Using the States dataset, create a binary outcome variable indicating whether a state voted for Clinton (1) or not (0). Perform a logistic regression with this new variable as the dependent variable and College, HouseholdIncome, and Region as predictors. Create regression tables using both modelsummary and sjPlot. Interpret the odds ratios and assess model fit.
States$Clinton <- abs(as.numeric(States$Elect2016) - 2)
table(States$Clinton)
##
## 0 1
## 30 20
m.logit <- glm(Clinton ~ College+HouseholdIncome+Region, data=States, family=binomial(link="logit"))
summary(m.logit)
##
## Call:
## glm(formula = Clinton ~ College + HouseholdIncome + Region, family = binomial(link = "logit"),
## data = States)
##
## Coefficients:
## Estimate Std. Error z value Pr(>|z|)
## (Intercept) -13.88304 4.57843 -3.032 0.00243 **
## College 0.25390 0.12980 1.956 0.05046 .
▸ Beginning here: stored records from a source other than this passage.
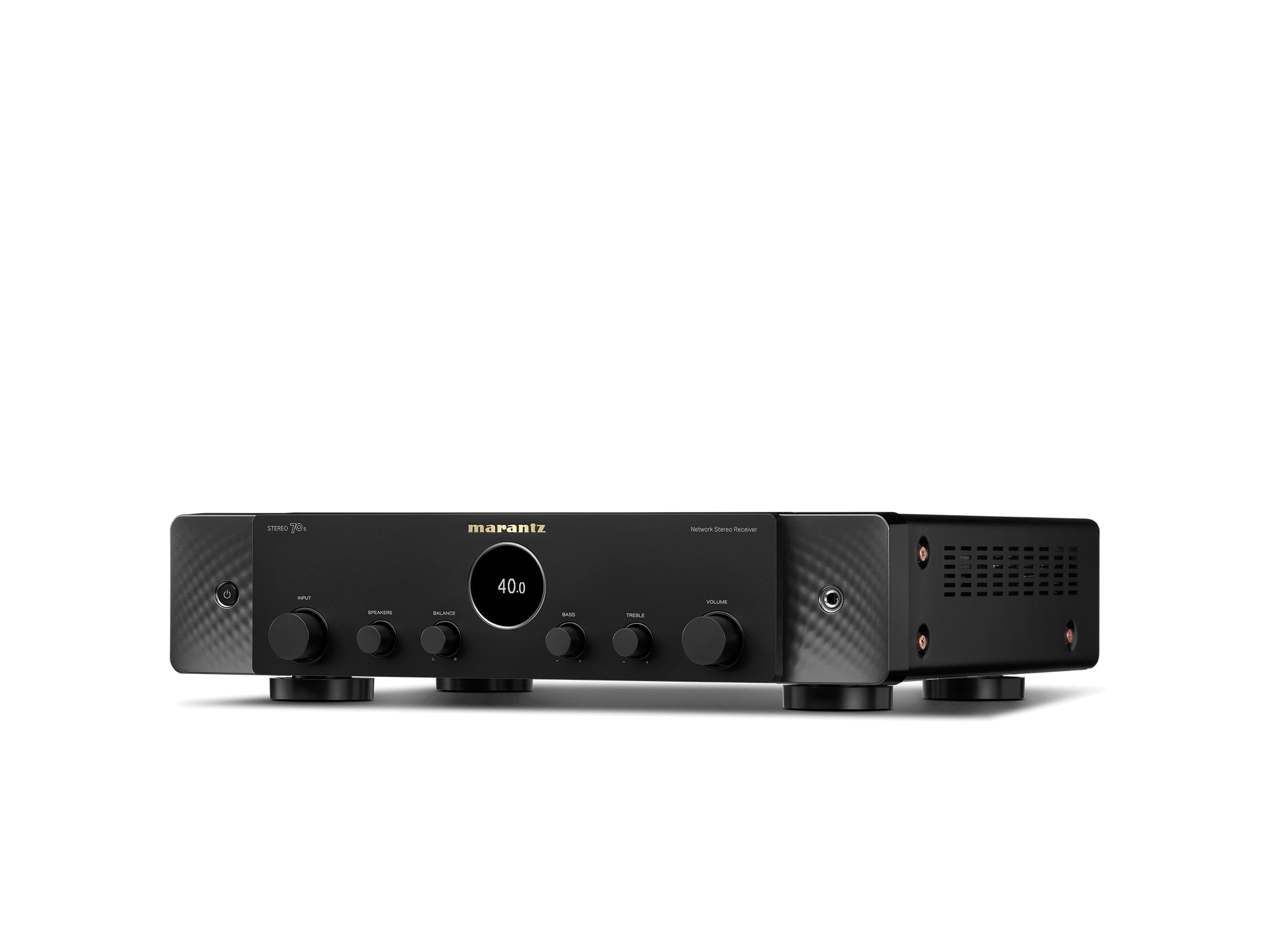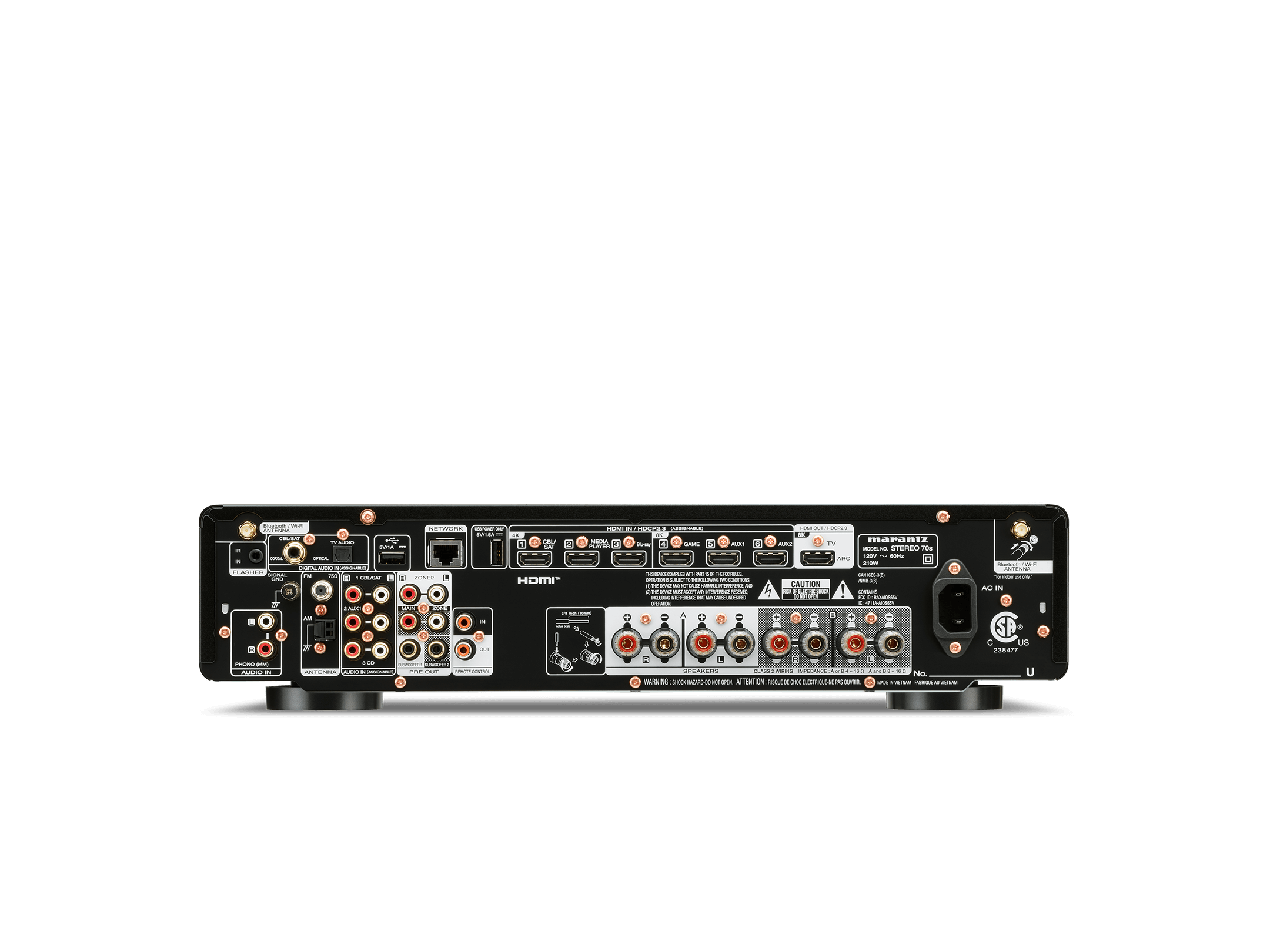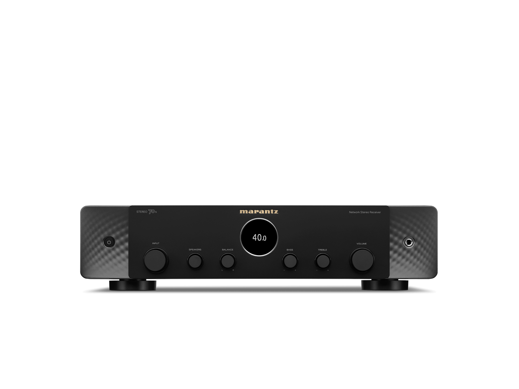 Marantz Stereo 70s Black — двухканальный AV-ресивер класса Hi-Fi, выполненный в тонком корпусе (Slimline Design) с алюминиевой фронтальной панелью, OLED-дисплеем и симметричным расположением органов управления. Архитектура построена по дискретной схеме усиления класса A/B с применением фирменных модулей HDAM (Hyper Dynamic Amplifier Module). Мощность 2 х 75 Вт (8 Ом, 20 Гц–20 кГц, 0,08%). Stereo 70s сочетает в себе функционал усилителя и гибкость AV-центра: устройство поддерживает передачу видео до 8K / 60 Гц, работу с HDR-форматами (HDR10+, Dolby Vision, HLG), автоматическое управление задержками (ALLM) и функции HDMI-ARC для вывода звука с телевизора. Встроенный модуль HEOS Built-in обеспечивает потоковое воспроизведение с популярных платформ — Spotify Connect, TIDAL, Amazon Music HD, Deezer и др., а также интеграцию в многозонные системы HEOS. Поддерживаются форматы FLAC 192 кГц / 24-бит, WAV, ALAC, DSD 2.8/5.6 МГц, а также управление голосом через Alexa, Google Assistant, Apple Siri и Josh AI. Модель имеет 6 HDMI-входов, аналоговые и цифровые входы, фонокорректор MM, двойной выход на сабвуфер и акустические терминалы A/B. В комплекте идет пульт дистанционного управления. В комплекте идет пульт дистанционного управления.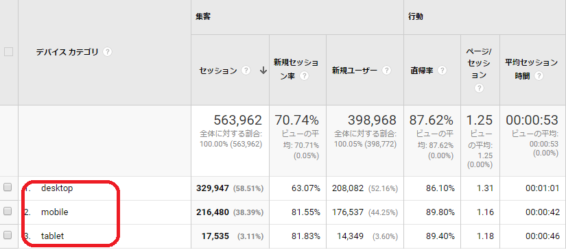 訪問ユーザーがどのようなデバイスを使っているかを把握することにより、効果的なサイト改善が行えるでしょう。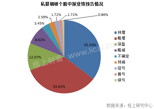 行业方面,电子、机械设备行业仍是私募调研个股关注度最高的两大板块,而对于百亿级私募,公共事业行业的关注度却较为突出。格上研究中心注意到,私募调研的222只个股中,有116只已经公布了中报业绩预告,占比52.25%。在预告中报业绩的私募调研个股中,大部分属于中报业绩预喜状态,占比达82.75%。其中,有35.34%的公司预计业绩增长,33.62%预计略增,12.07%续盈。可见,私募机构对中报行情的关注。
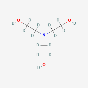 The synthesis of this compound can be conceptualized by extending the general principles of deuterated amine synthesis to the specific structure of triethanolamine (B1662121). The non-deuterated parent compound, triethanolamine, is produced industrially by the reaction of ethylene oxide with aqueous ammonia (B1221849). chemicalbook.com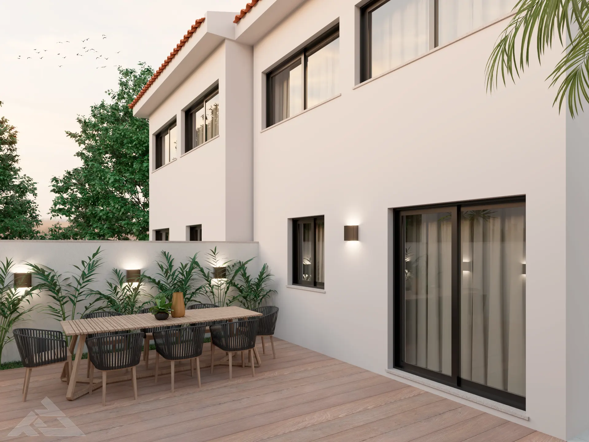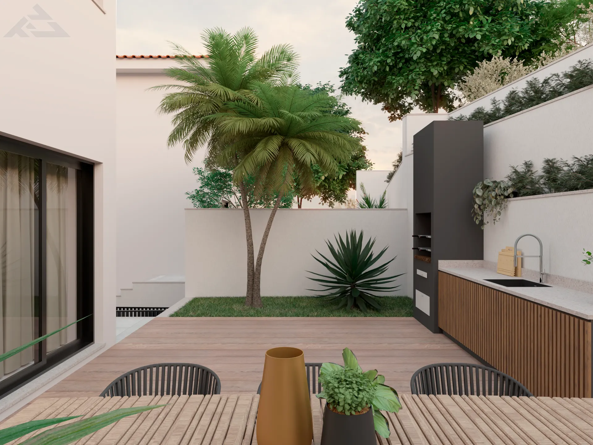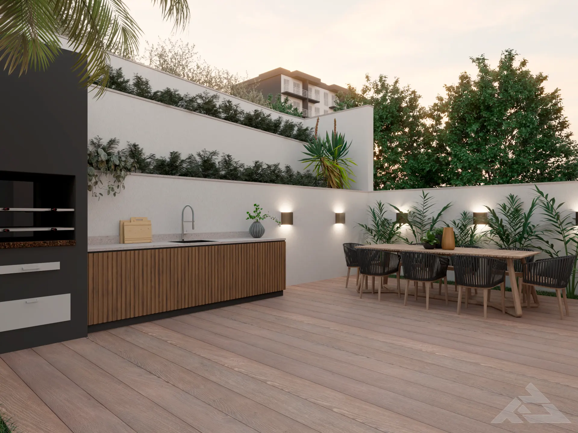 A área externa traseira funciona como uma extensão da casa, ideal para lazer, enquanto o deck com mobiliário ao ar livre reforça a conexão com a natureza. O jardim nas laterais e ao fundo melhora o conforto ambiental, proporcionando ventilação cruzada e sombreamento natural.
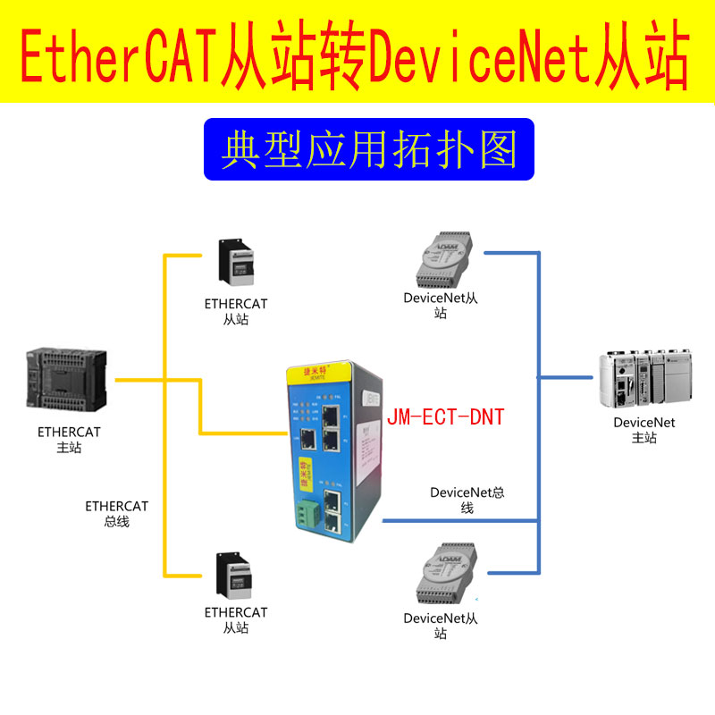 在工业自动化领域,随着技术的发展和生产需求的变化,工厂中常常同时存在基于 DeviceNet和ETHERCAT两种不同通信协议的设备。DeviceNet协议在传统工业现场的设备级网络中应用广泛,众多传感器、执行器等设备依赖其进行通信,能在复杂工业环境下保证可靠的数据传输和分布式控制。而ETHERCAT协议凭借其高速、高精度以及优秀的同步性能,在现代运动控制和对实时性要求严苛的自动化系统中占据重要地位,许多先进的PLC采用ETHERCAT总线作为通信方式,以实现对生产过程的高效精准控制。然而,这两种协议的设备无法直接通信,限制了企业生产系统的集成度和协同工作能力,为解决这一问题,捷米特JM-DNT-ECT网关应运而生。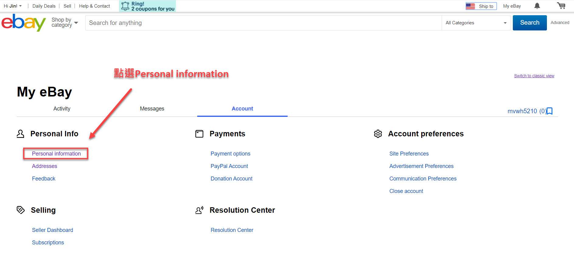 Step4.找到左方畫面中Personal information字樣,進入帳號資料設定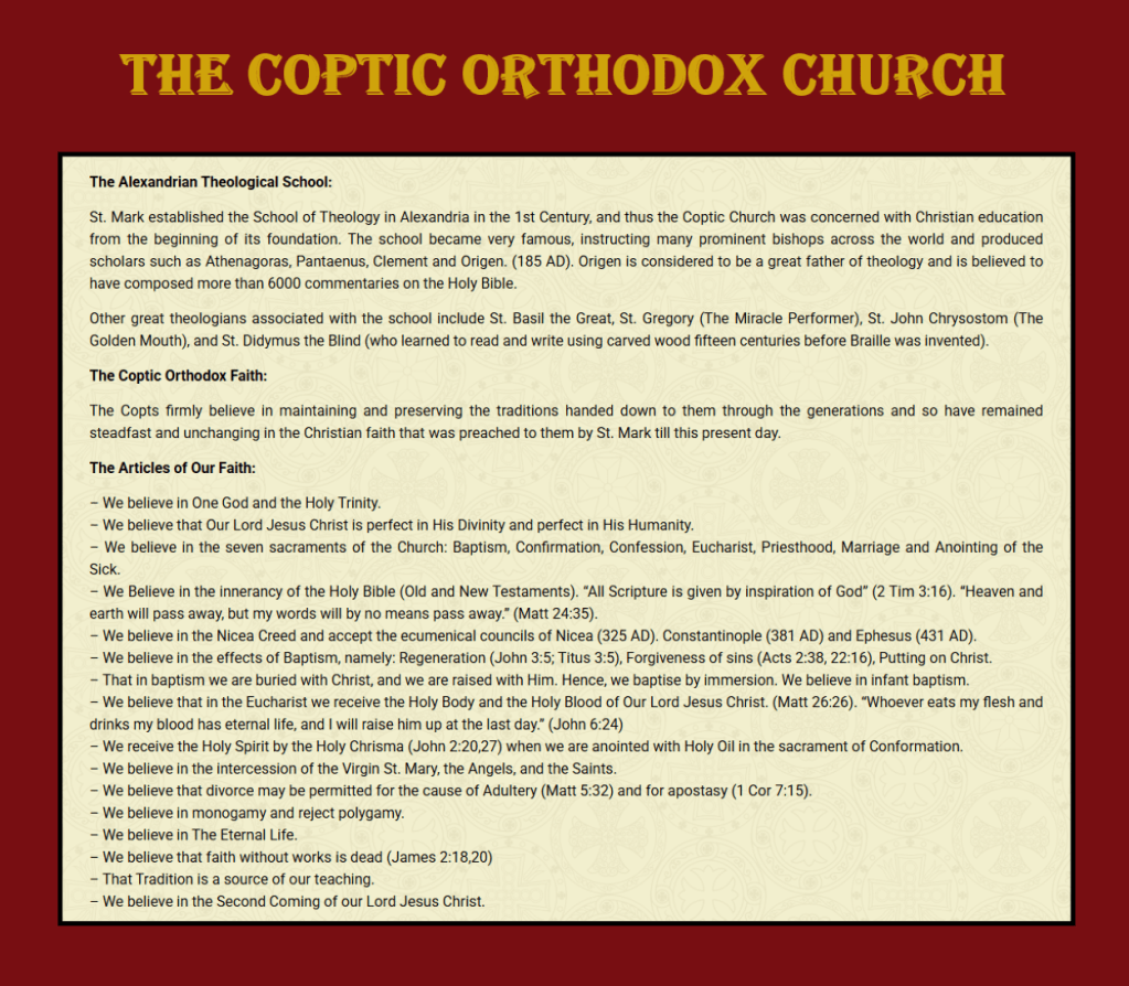 2. Greek Orthodox Patriarchate of Alexandria – Also claims the same apostolic foundation by St. Mark. – Shares the same early history as the Coptic Church until the split after the Council of Chalcedon (451 AD). – Maintains its own succession of patriarchs from the same original see.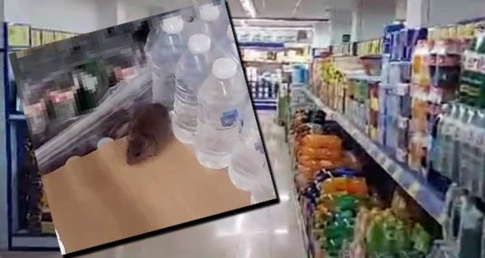 Su ve sodaların bulunduğu reyonda duran fareyi kaydeden vatandaş, “Burası Karaman'da zincir market. Görüyorsunuz reyonda kocaman bir fare. Marketi fare bastı. Sakarya Karaman'da zincir markette kocaman fare, şu anda su stantlarının orada” ifadelerini kullandı.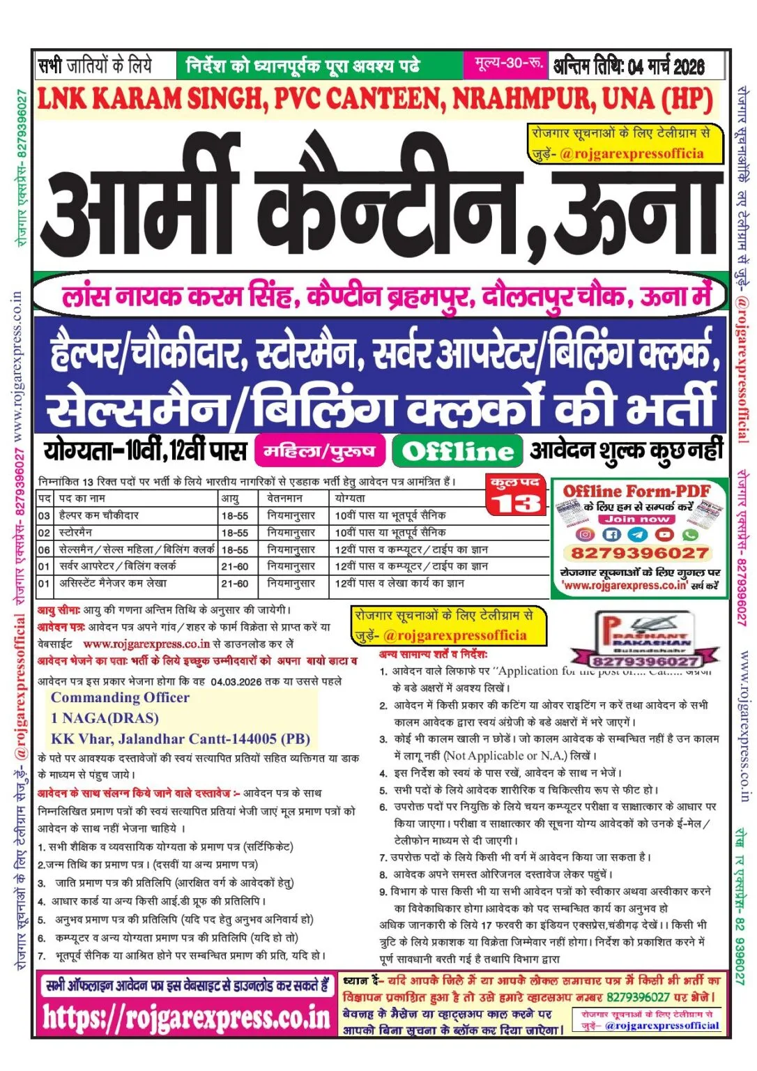Army Canteen Una Recruitment 2026 Notification PDF : Hello friends, how are you? Today we will talk about a new notification on contract basis in Army Cantt Unna. In this notification, appointments are being made in PVC Canteen Barhampur Daulatpur Chaukuna Himachal Pradesh. In this recruitment, recruitment is being done on the posts of Helper Chowkidar, Installment Salesman, Billing Clerk, Server Operator, Billing Clerk, Assistant Manager etc.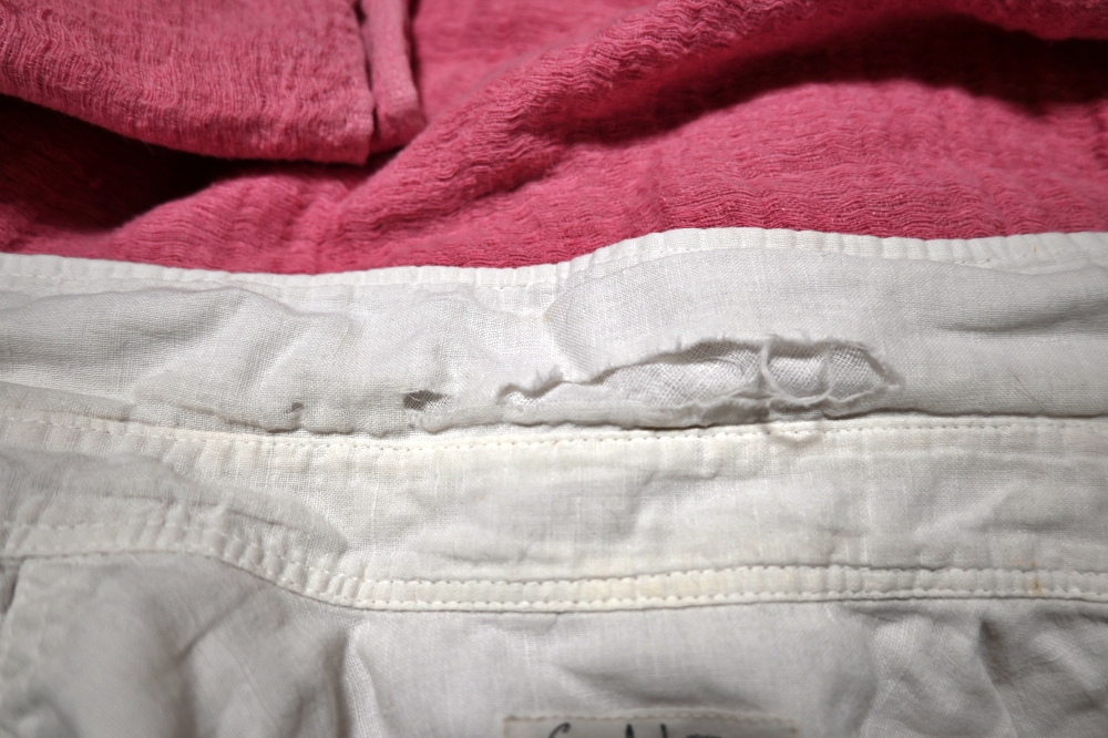 この状態で着ていたわけじゃないんだけど放置して洗濯して気が付いたら裂けてたって感じかな夏ものガーゼ生地なので柔らかいっていうのもあるかもね裁縫ってめっちゃ苦手なのにサクサク縫えるようになってるのが進歩かなとおもうこの服も長い間着たのでもうワンシーズン着れるといいなって思っておこう襟だけダメになるパターン=夏襟と袖口=冬服大事に着よう最近面倒になって服(ブラウスもスカートも)買ってないんよねそろそろ買い替えしようってことやね好みの服が見つからないから無理かもしれないそうだ作ればいいえ?服作るの???そのうち考えます5月時点でまだ何にも考えてないよ(*´∇`)ノシ

## HouseholdIncome 0.05599 0.06642 0.843 0.39922
## RegionNE 3.02242 1.41280 2.139 0.03241 *
## RegionS 0.31259 1.58896 0.197 0.84404
## RegionW 3.02137 1.43108 2.111 0.03475 *
## ---
## Signif. codes: 0 '***' 0.001 '**' 0.01 '*' 0.05 '.' 0.1 ' ' 1
##
## (Dispersion parameter for binomial family taken to be 1)
##
## Null deviance: 67.301 on 49 degrees of freedom
## Residual deviance: 32.014 on 44 degrees of freedom
## AIC: 44.014
##
## Number of Fisher Scoring iterations: 6
tab_model(m.logit, show.ci=FALSE, show.se=TRUE, show.stat=TRUE)
| Â | Clinton | |||
|---|---|---|---|---|
| Predictors | Odds Ratios | std. Error | Statistic | p |
| (Intercept) | 0.00 | 0.00 | -3.03 | 0.002 |
| College | 1.29 | 0.17 | 1.96 | 0.050 |
| HouseholdIncome | 1.06 | 0.07 | 0.84 | 0.399 |
| Region [NE] | 20.54 | 29.02 | 2.14 | 0.032 |
| Region [S] | 1.37 | 2.17 | 0.20 | 0.844 |
| Region [W] | 20.52 | 29.37 | 2.11 | 0.035 |
| Observations | 50 | |||
| R2 Tjur | 0.588 | |||
At the intercept, the odds of voting for Clinton are extremely low (approaching zero) when all predictors are at their reference levels (the p-value (0.002) indicates that this is statistically significant). In college, each percentage point increase in college graduates increases the odds of voting for Clinton by 29% (marginally significant with a p-value of 0.050). The model suggests that higher college education levels and residing in the Northeast or West regions are indicators of support, for Clinton, however household income and living in the South do not show significant effects.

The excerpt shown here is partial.